Bant Mag. No:36'dan // Davulcular anlatıyor: Sam Fogarino (Interpol / Magnetic Morning)

Bant Mag. No:36’da yer alan “Nasıl başladım? Neden başladım?¨: Davulcular anlatıyor isimli dosyada, yerli yabancı toplam 32 davulcunun, davulla ilgili hikayelerine yer verdik. Şimdi söz Interpol ve Magnetic Morning davulcusu Sam Fogarino’da!

Sam Fogarino
Interpol / Magnetic Morning

“Eğer melodi vücutsa, ritim onun yürüyüşüdür.”

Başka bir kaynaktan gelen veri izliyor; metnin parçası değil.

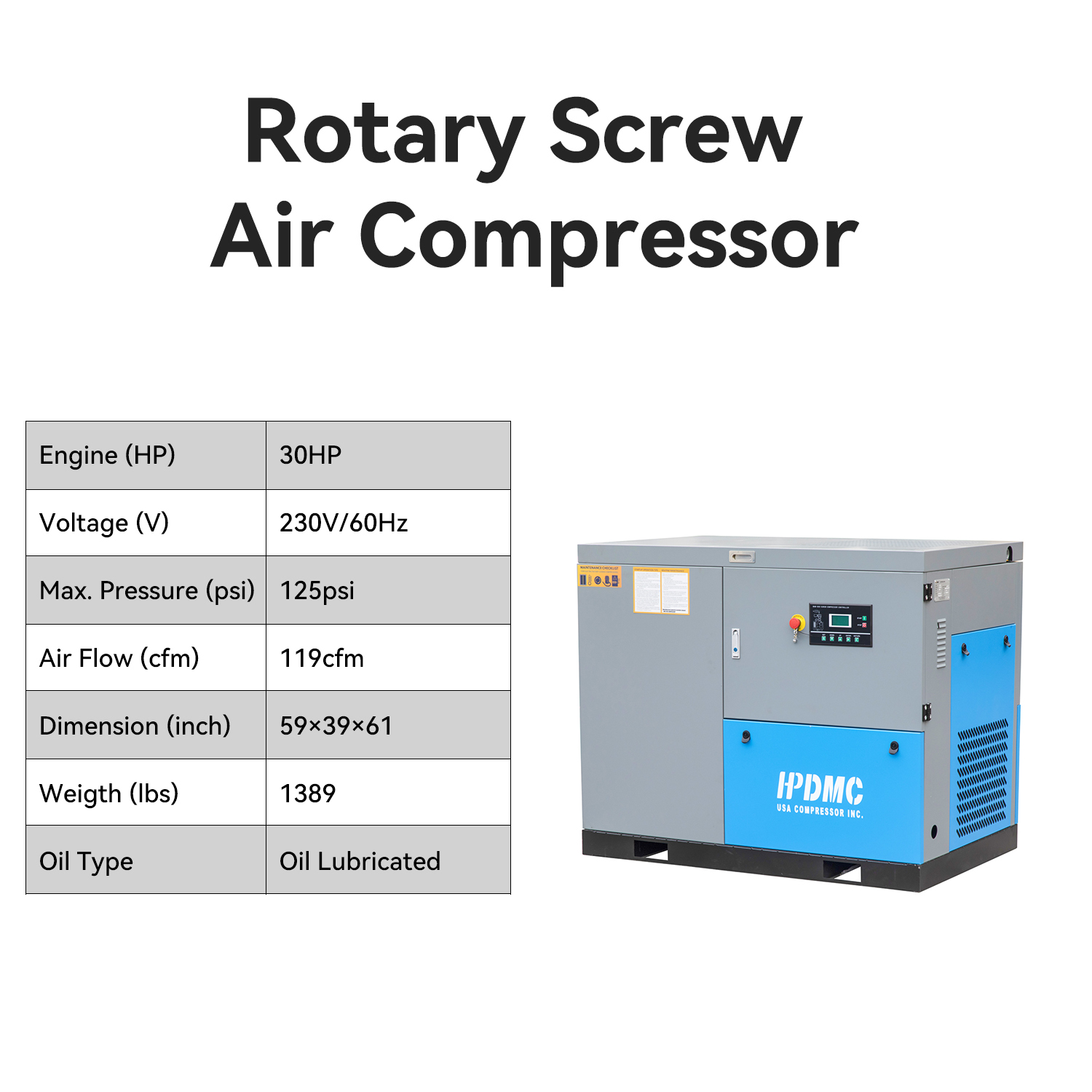 30HP Rotary Screw Air Compressor 120CFM 125PSI 208-230V 3 Phase

Philedelphia’da 1973 yılının Noel’inde, o dönem epey genç olan ebeveynlerimden hediye olarak bir oyuncaktan nispeten iyi bir davul seti almıştım. O zamanlar beş yaşındaydım. Annem 30, babam da 32’ydi. İkisi de müziğe karşı bir doyumsuzluk içindeydi: rock, soul, erken dönem disko, Motown ve tabii ki Gamble and Huff olarak da bilinen Philly müziği.

Davullar ve ritimlere olan merakım ortaya çıkmadan önce, konseptleri ve yarattığı duygusal etkileriyle bir bütün hâlinde şarkılar benim tüm ilgimi bölünmeden çekiyordu. Noel’de gelen davul setini, müziğin yol açtığı bir vazgeçişle parçaladım ve sonra sevmeye başladım.

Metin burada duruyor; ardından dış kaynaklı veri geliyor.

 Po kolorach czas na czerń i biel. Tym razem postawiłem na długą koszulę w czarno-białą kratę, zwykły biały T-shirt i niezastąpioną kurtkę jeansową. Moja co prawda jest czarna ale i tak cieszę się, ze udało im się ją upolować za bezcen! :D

Yaşım ilerledikçe piyanoya yöneldim. Sekiz yaşında gitara geçtim. 1980 yılında, ilk davul setimi aldıktan yedi yıl sonra davula olan ilgim geri geldi. Yine, bir tür vazgeçişle birlikte. Ağırlıklı olarak verebileceğim ilk referanslar vuruşların taşıdığı altmışlar ve yetmişlerin başlarındaki davul çalış stilleri. Annemin bodrum katında, benden birkaç yaş büyük üç arkadaşımla bir grup kurduk. Bir davulcu bulmamız gerekiyordu ve bir saniye bile düşünmeden bu rolü aldım. Davul çalmaya başlamaktan ziyade bir grubun davulcusu olmuştum. Olmazsa olmaz bir işlevi karşılayabilmek için. Şarkıyı sürüklemek, yapısını bir arada tutmak ve bir yandan hissiyatı oluşturmak. Eğer melodi vücutsa, ritim onun yürüyüşüdür. Bir şarkının yürüyüş şeklini kontrol etmek istemiştim. Bu halaneden sorusunun cevabı benim için.

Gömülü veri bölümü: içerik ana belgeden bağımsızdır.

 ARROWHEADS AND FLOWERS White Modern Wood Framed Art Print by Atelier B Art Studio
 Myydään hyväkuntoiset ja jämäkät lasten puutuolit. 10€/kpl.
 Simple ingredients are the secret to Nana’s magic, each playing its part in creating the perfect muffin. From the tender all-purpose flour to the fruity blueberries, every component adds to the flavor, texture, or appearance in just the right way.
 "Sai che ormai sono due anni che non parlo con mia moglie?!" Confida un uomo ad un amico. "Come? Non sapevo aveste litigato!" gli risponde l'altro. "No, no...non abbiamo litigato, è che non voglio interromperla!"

Davul çalmak fiziksel bir huy; müzik gramerinde bir nevi noktalama işaretleri gibi. Müziğin koşuşu, yürüyüşü, sürünüşü ya da atlayışı. Kekelemesi ya da bağırması vurgular veya kısıtlamalarla oluyor. İnsanları hareket ettiriyor. Hepsini de tek kelime etmeden yapıyor.